### Supplied material ###
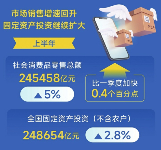 市場(chǎng)銷售增速回升,固定資產(chǎn)投資繼續(xù)擴(kuò)大。上半年,社會(huì)消費(fèi)品零售總額245458億元,同比增長(zhǎng)5%,比一季度加快0.4個(gè)百分點(diǎn)。全國(guó)固定資產(chǎn)投資(不含農(nóng)戶)248654億元,同比增長(zhǎng)2.8%;扣除房地產(chǎn)開(kāi)發(fā)投資,全國(guó)固定資產(chǎn)投資增長(zhǎng)6.6%。
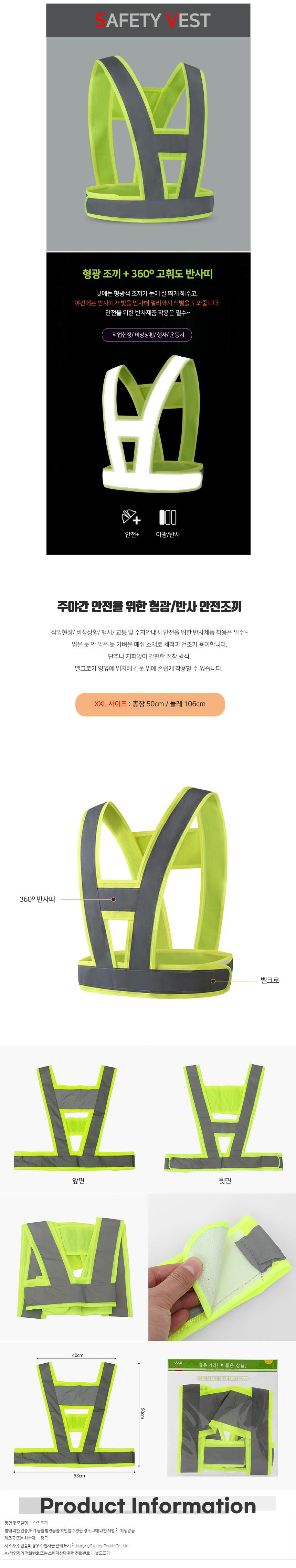 360도 반사띠 안전조끼 그린 XXLx3개 산업안전용품
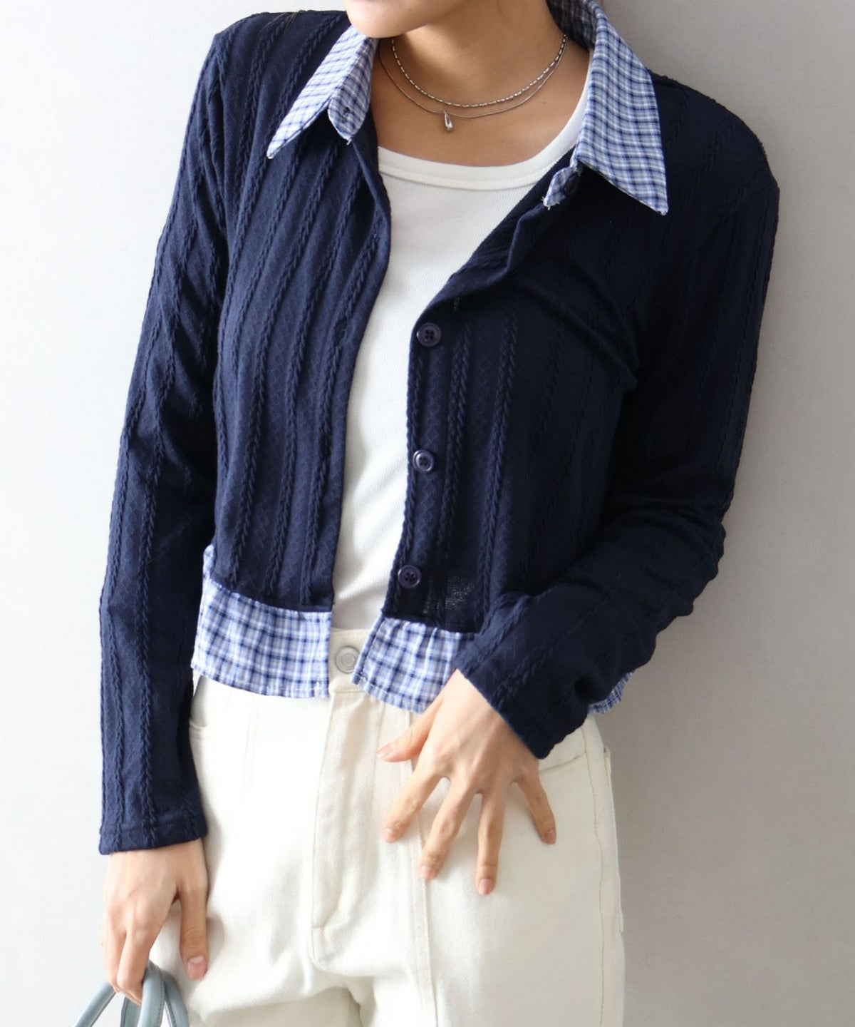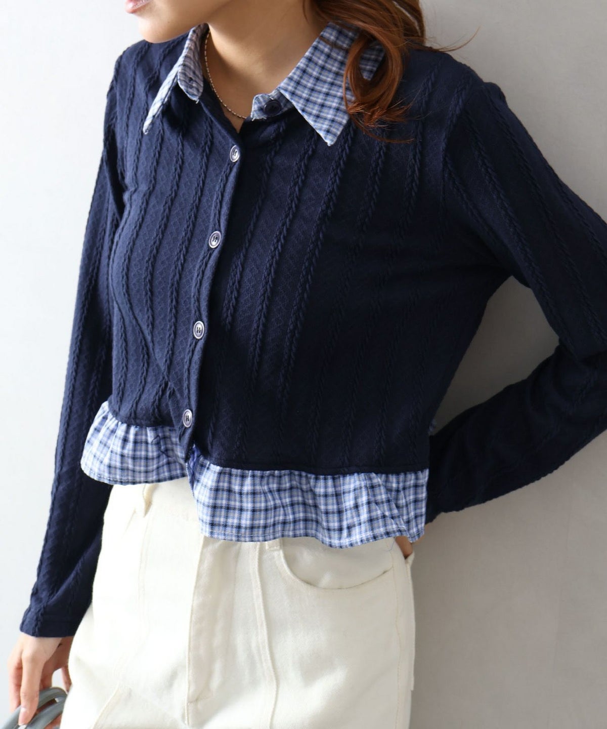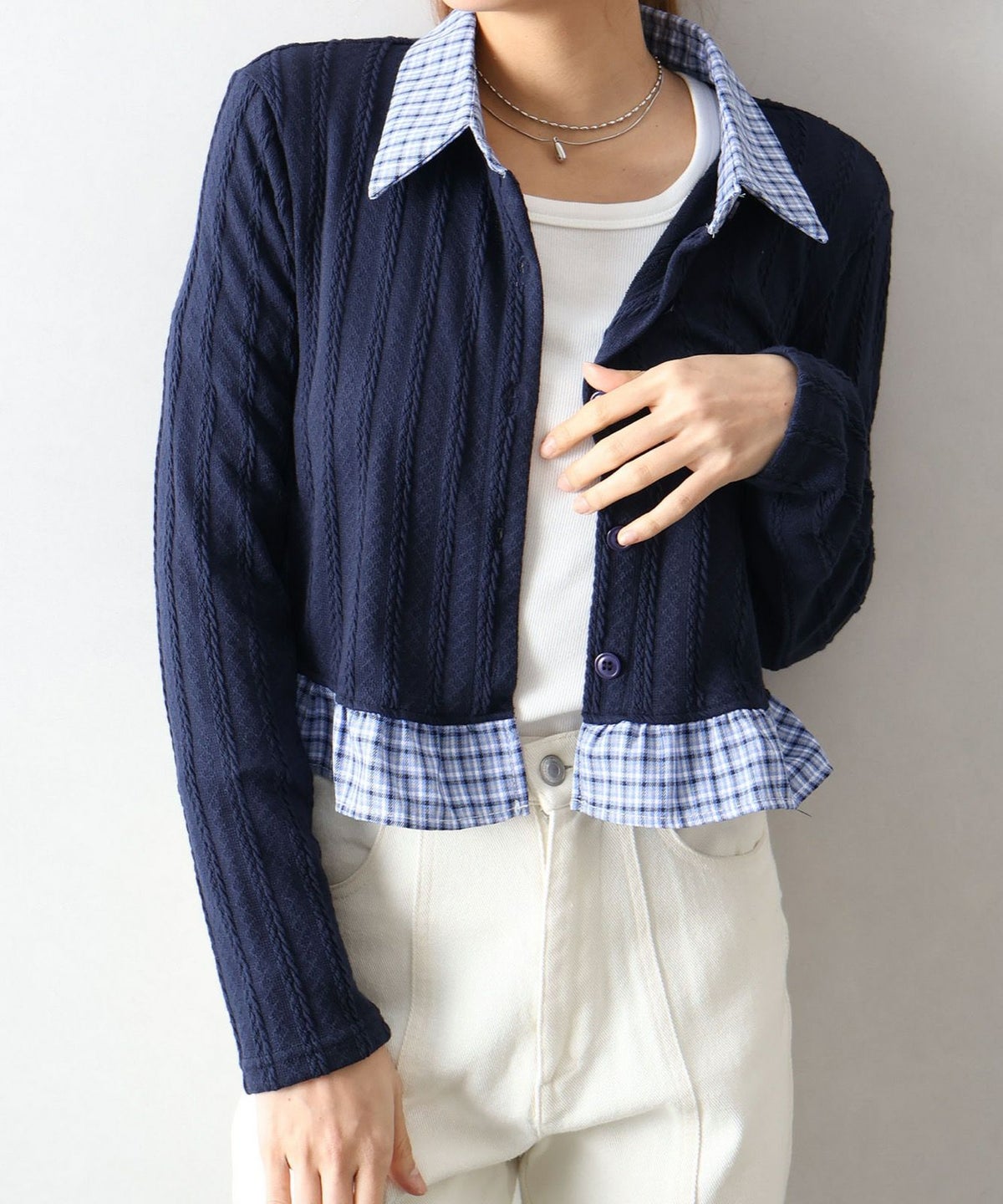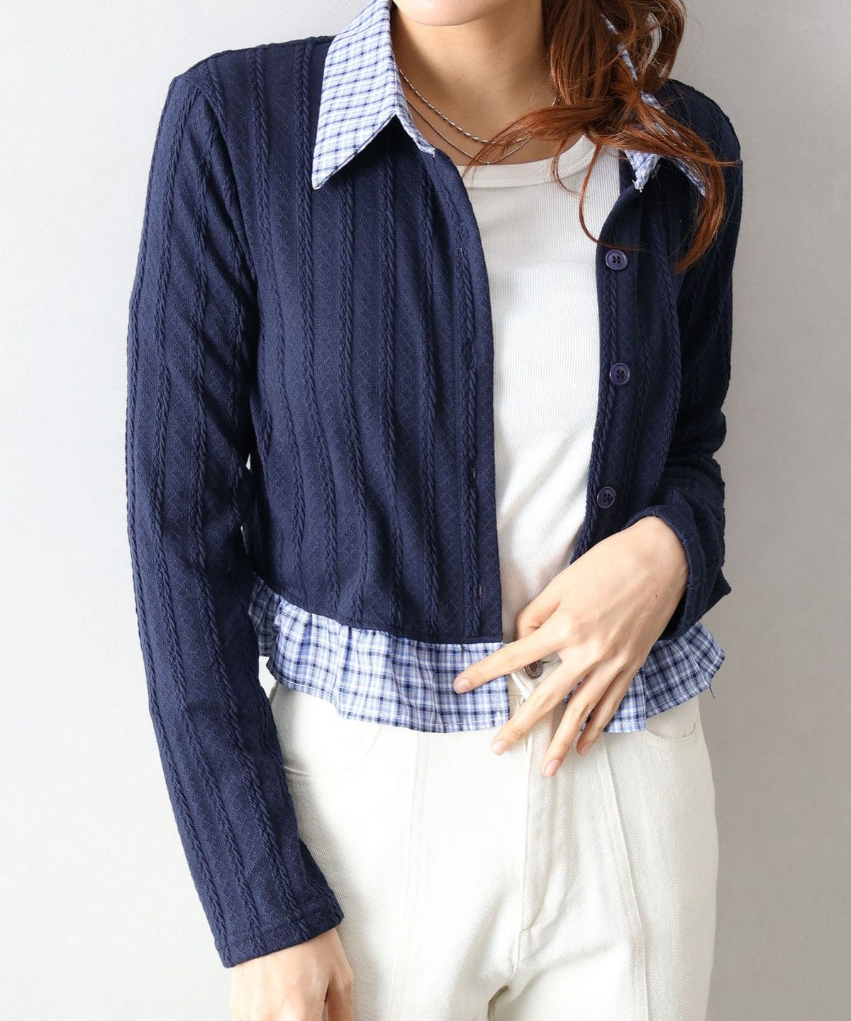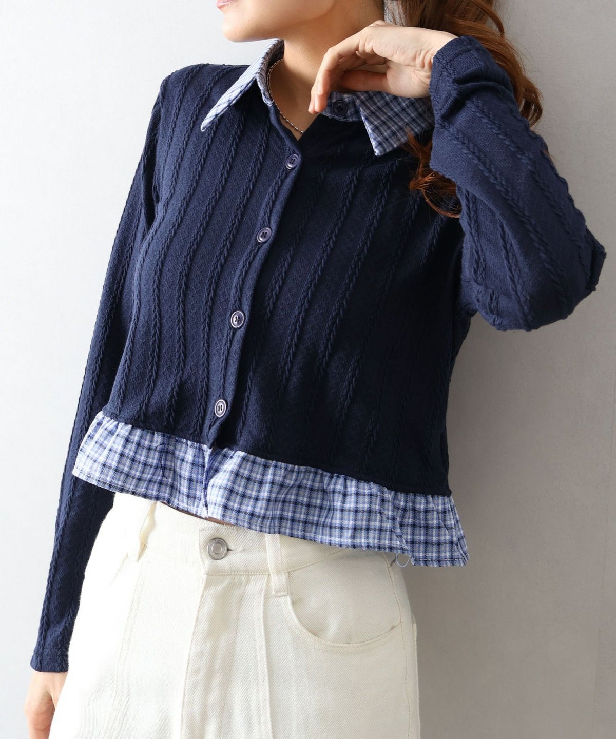 チェック切替フェイクレイヤードカーディガン
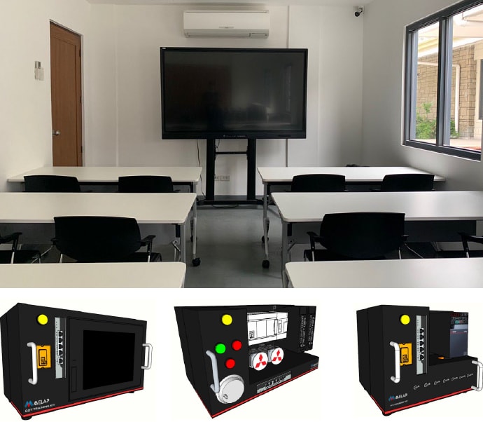 全て実機を用い、基本操作から応用プログラミングまで英語、タガログ語でトレーニングを行います。
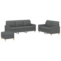 This sofa set is an excellent place for chatting, reading, watching TV or just relaxing. It is meant to be a focal point in your home. Durable fabric: The fabric features a simple and clean look while remaining breathable and long-lasting.Sturdy and stable frame: The plywood and metal frame of the sofa seating ensures sturdiness and stability.Comfortable seat experience: The sofa is highly comfortable with the thickly padded seat, armrests and back pillow.Versatile footstool: The footstool is suitable for resting your feet when you lie on a sofa, or offering you an additional seat in your room. Additionally, the simple design and compact size make it ideal for almost all your living spaces.
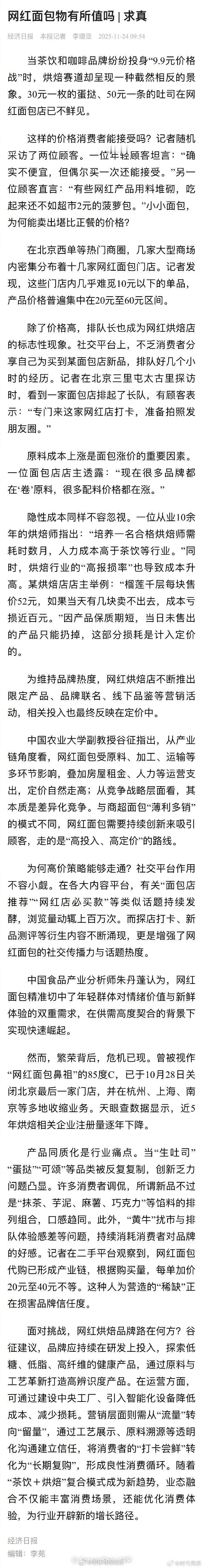 ?【】当茶饮和咖啡品牌纷纷投身“9.9元价格战”时,烘焙赛道却呈现一种截然相反的景象。30元一枚的蛋挞、50元一条的吐司在网红面包店已不鲜见。原料成本上涨是面包涨价的重要因素。一位面包店店主透露:“现在很多品牌都在‘卷’原料,很多配料价格都在涨。”为维持品牌热度,网红烘焙店不断推出限定产品、品牌联名、线下品鉴等营销活动,相关投入也最终反映在定价中。 然而,繁荣背后,危机已现。曾被视作“网红面包鼻祖”的85度C,已于10月28日关闭北京最后一家门店,并在杭州、上海、南京等多地收缩业务。天眼查数据显示,近5年烘焙相关企业注册量逐年下降。(经济日报)
###
Every line above should be reproduced exactly, please, with no pictures included.

 市場(chǎng)銷售增速回升,固定資產(chǎn)投資繼續(xù)擴(kuò)大。上半年,社會(huì)消費(fèi)品零售總額245458億元,同比增長(zhǎng)5%,比一季度加快0.4個(gè)百分點(diǎn)。全國(guó)固定資產(chǎn)投資(不含農(nóng)戶)248654億元,同比增長(zhǎng)2.8%;扣除房地產(chǎn)開(kāi)發(fā)投資,全國(guó)固定資產(chǎn)投資增長(zhǎng)6.6%。
 360도 반사띠 안전조끼 그린 XXLx3개 산업안전용품
 チェック切替フェイクレイヤードカーディガン
 全て実機を用い、基本操作から応用プログラミングまで英語、タガログ語でトレーニングを行います。
 This sofa set is an excellent place for chatting, reading, watching TV or just relaxing. It is meant to be a focal point in your home. Durable fabric: The fabric features a simple and clean look while remaining breathable and long-lasting.Sturdy and stable frame: The plywood and metal frame of the sofa seating ensures sturdiness and stability.Comfortable seat experience: The sofa is highly comfortable with the thickly padded seat, armrests and back pillow.Versatile footstool: The footstool is suitable for resting your feet when you lie on a sofa, or offering you an additional seat in your room. Additionally, the simple design and compact size make it ideal for almost all your living spaces.
 ?【】当茶饮和咖啡品牌纷纷投身“9.9元价格战”时,烘焙赛道却呈现一种截然相反的景象。30元一枚的蛋挞、50元一条的吐司在网红面包店已不鲜见。原料成本上涨是面包涨价的重要因素。一位面包店店主透露:“现在很多品牌都在‘卷’原料,很多配料价格都在涨。”为维持品牌热度,网红烘焙店不断推出限定产品、品牌联名、线下品鉴等营销活动,相关投入也最终反映在定价中。 然而,繁荣背后,危机已现。曾被视作“网红面包鼻祖”的85度C,已于10月28日关闭北京最后一家门店,并在杭州、上海、南京等多地收缩业务。天眼查数据显示,近5年烘焙相关企业注册量逐年下降。(经济日报)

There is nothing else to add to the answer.